Developing an adaptively-remeshed multiphysical resistance forge weld model, with extensive validation from residual stress measurement techniques

Understanding residual stress fields in manufactured components is crucial for predicting their performance under service loads; tensile residual stress can compromise strength, especially near stress concentrators or under cyclic loading conditions. This study introduces a multiphysical weld process model aimed at predicting the configuration and residual stress fields in a resistance-forge-welded port of a pressure vessel. Utilizing Lagrangian finite element analysis with adaptive remeshing, the model effectively addresses the significant deformations associated with welding. A comprehensive constitutive model is employed to capture material changes, including dynamic recrystallization during solid-state welding.

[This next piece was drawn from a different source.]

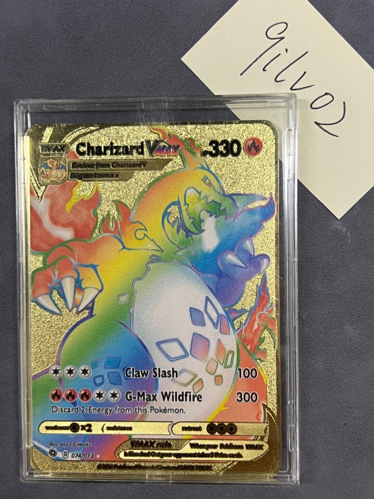 This Charizard VMAX Rainbow Gold Metal Pokémon Card is a must-have for any serious collector or Pokémon TCG player. With its stunning visual appeal, it's sure to catch the eye of anyone who sees it. The card features altered/custom art, making it truly unique and one-of-a-kind. The card is a Stage 2 Pokémon and has a finish of regular. It's in standard size and is made of metal. The card is in excellent condition and is perfect for display or gameplay. The card is in English language and is from the year 2022. The rarity of the card is gold, making it a highly sought-after item. Free express shipping Any question feel free to reach out and we will get back to you shortly. Thank you for your support!

Model validation is achieved through displacement measurements and three residual stress estimation techniques: contour method, slitting method, and neutron diffraction, with a focus on hoop and axial stresses across three planes. The model’s configuration is further refined to align with destructive testing processes, enabling direct comparisons to measured residual stresses. Cross-validation of the contour method hoop-stress comparison was performed by simulating the contour cut and examining the relaxation displacement.

Results indicate a strong correlation between the model and measurements, particularly for axial stress from the slitting method, with a discussion on factors influencing discrepancies between model predictions and experimental data.